> [Given material]
• • • • •

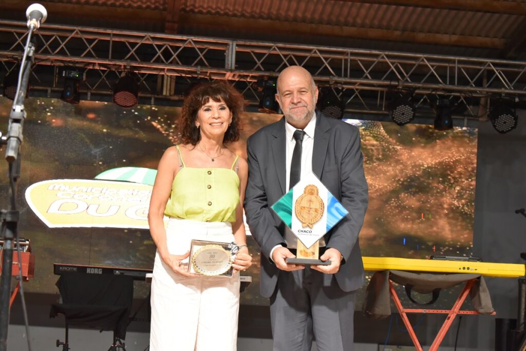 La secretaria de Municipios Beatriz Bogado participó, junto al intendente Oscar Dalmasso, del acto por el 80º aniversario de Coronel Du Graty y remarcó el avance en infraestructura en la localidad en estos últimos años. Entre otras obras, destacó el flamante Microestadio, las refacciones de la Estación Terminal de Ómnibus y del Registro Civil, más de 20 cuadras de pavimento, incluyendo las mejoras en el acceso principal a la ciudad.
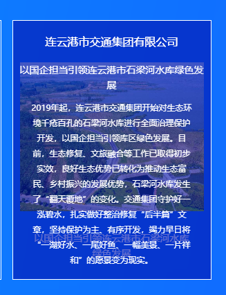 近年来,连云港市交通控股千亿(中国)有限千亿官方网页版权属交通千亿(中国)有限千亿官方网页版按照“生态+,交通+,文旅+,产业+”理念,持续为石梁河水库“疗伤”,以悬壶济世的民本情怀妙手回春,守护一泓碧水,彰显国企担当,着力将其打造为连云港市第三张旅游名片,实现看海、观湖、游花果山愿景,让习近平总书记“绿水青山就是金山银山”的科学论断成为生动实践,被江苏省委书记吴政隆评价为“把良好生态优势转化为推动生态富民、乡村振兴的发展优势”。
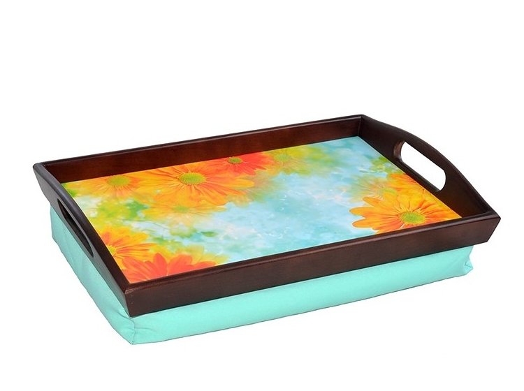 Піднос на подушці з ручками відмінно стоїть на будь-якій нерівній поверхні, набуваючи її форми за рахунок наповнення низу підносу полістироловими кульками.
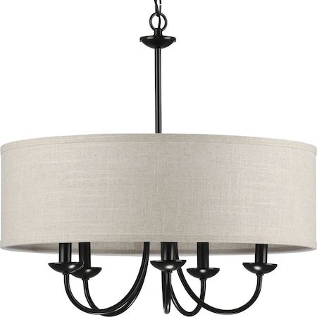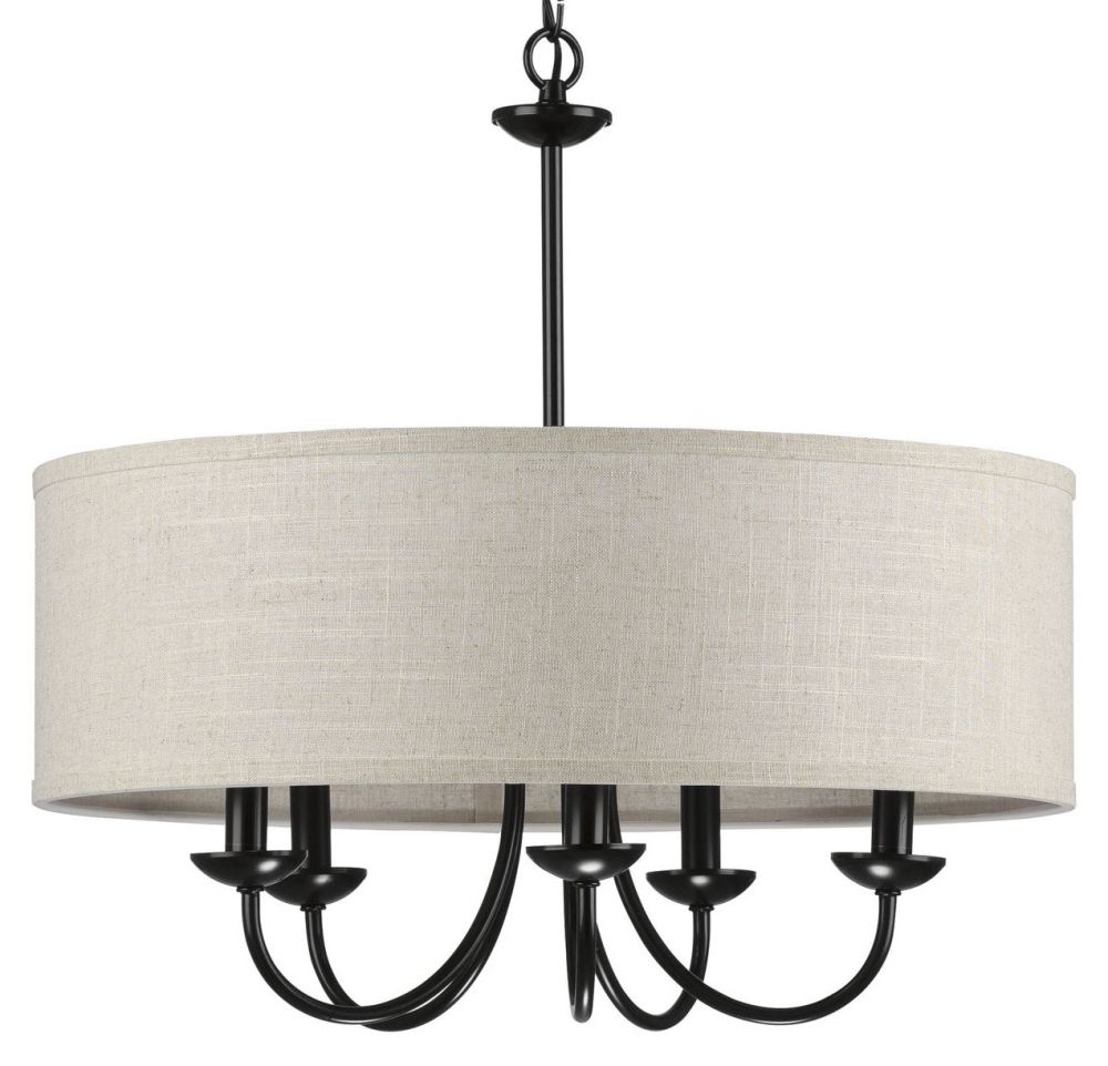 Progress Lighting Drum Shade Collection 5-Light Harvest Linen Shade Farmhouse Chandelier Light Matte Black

• • • • •

> [About this exercise] The listing above, line by line: print it exactly, but not its pictures.

> [Response]
 La secretaria de Municipios Beatriz Bogado participó, junto al intendente Oscar Dalmasso, del acto por el 80º aniversario de Coronel Du Graty y remarcó el avance en infraestructura en la localidad en estos últimos años. Entre otras obras, destacó el flamante Microestadio, las refacciones de la Estación Terminal de Ómnibus y del Registro Civil, más de 20 cuadras de pavimento, incluyendo las mejoras en el acceso principal a la ciudad.
 近年来,连云港市交通控股千亿(中国)有限千亿官方网页版权属交通千亿(中国)有限千亿官方网页版按照“生态+,交通+,文旅+,产业+”理念,持续为石梁河水库“疗伤”,以悬壶济世的民本情怀妙手回春,守护一泓碧水,彰显国企担当,着力将其打造为连云港市第三张旅游名片,实现看海、观湖、游花果山愿景,让习近平总书记“绿水青山就是金山银山”的科学论断成为生动实践,被江苏省委书记吴政隆评价为“把良好生态优势转化为推动生态富民、乡村振兴的发展优势”。
 Піднос на подушці з ручками відмінно стоїть на будь-якій нерівній поверхні, набуваючи її форми за рахунок наповнення низу підносу полістироловими кульками.
 Progress Lighting Drum Shade Collection 5-Light Harvest Linen Shade Farmhouse Chandelier Light Matte Black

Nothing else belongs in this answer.